Так что придется тебе, Ряба, все же здесь. Ведь можешь ты через пять минут помереть, а можешь только вырубиться и прийти в себя, когда тут уже будет полно «дожья». Они тебя, конечно, спросят, и ты им, возможно, ответишь, обиженный за то, что я тебя бросил. Не могу я рисковать. Тут не дают пожизненок и не амнистируют, тут просто вешают. А мне, несмотря на то что моя жизнь полна дерьма, легче пойти под пулю, чем болтаться на фонарном столбе, предоставив себя на клев воронам.

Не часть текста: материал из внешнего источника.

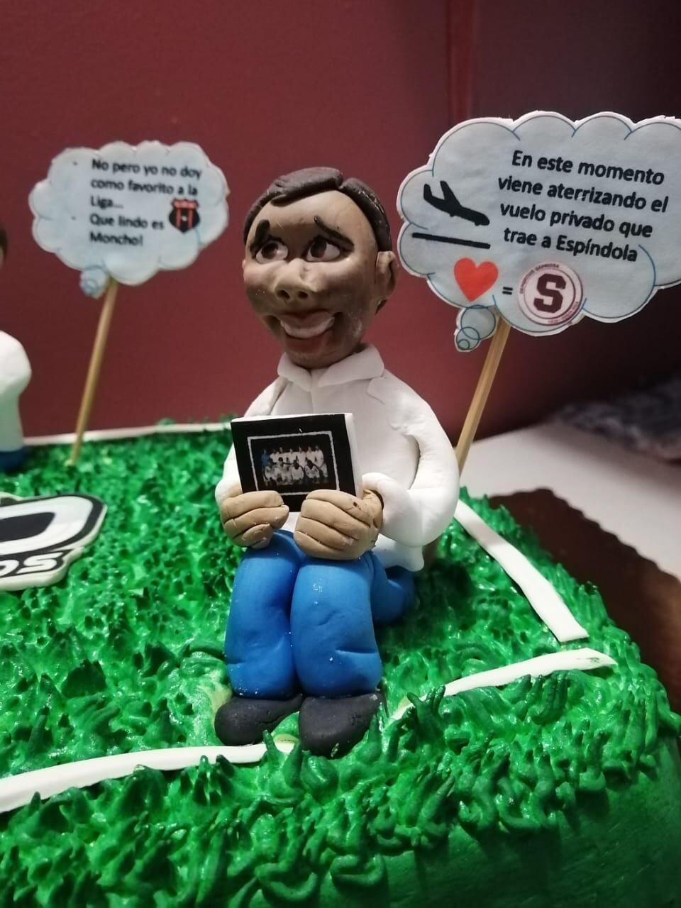 El vacilón es que a cada uno de los muñequitos les puso una nubecita con alguna frase vacilona, así como el escudo del equipo que más apoyan.

Так что ты уж прости, Ряба, но ты сделал бы то же самое. Мне в сегодняшней игре выпала счастливая карта. Пока что.
— Глеб, нет… Прошу…
Я поднялся на ноги, направил ствол ему в затылок и выстрелил. Ряба на мгновение вытянулся в струнку, а потом обмяк. Успокоился.
Уходить бы, но я ж — кто? Как я могу оставить трофеи и не узнать, как чувствуют себя остальные мои соучастники? Проклятое ремесло. Как и жизнь.
Делаю пару шагов назад, выходя из лужи теплой, вязкой крови. Жека пробивает Левона по карманам, но оружие его не интересует. Что, впрочем, еще лучше. Мы не гордые, подберем. Хоть и сматерись ты на нитку! Что это за оружие?! Держу эту полукровку, «тавор» который, на нашем, винницком, орзаводе склепанный, за ремень, как крысу за хвост. В сути стремное оно, чудо это, и патрон под него неродной. Натовский, пять пятьдесят шесть. Хорошо хоть именно у нас под самым боком клепали эти израильтянские пушки и патрон под них лили, а то — эксклюзива, мать. Хоть на стену вешай. Все равно беру, чего ж корчить гордого? У Калмыка один к одному выменять на обычную «пятерку» можно будет.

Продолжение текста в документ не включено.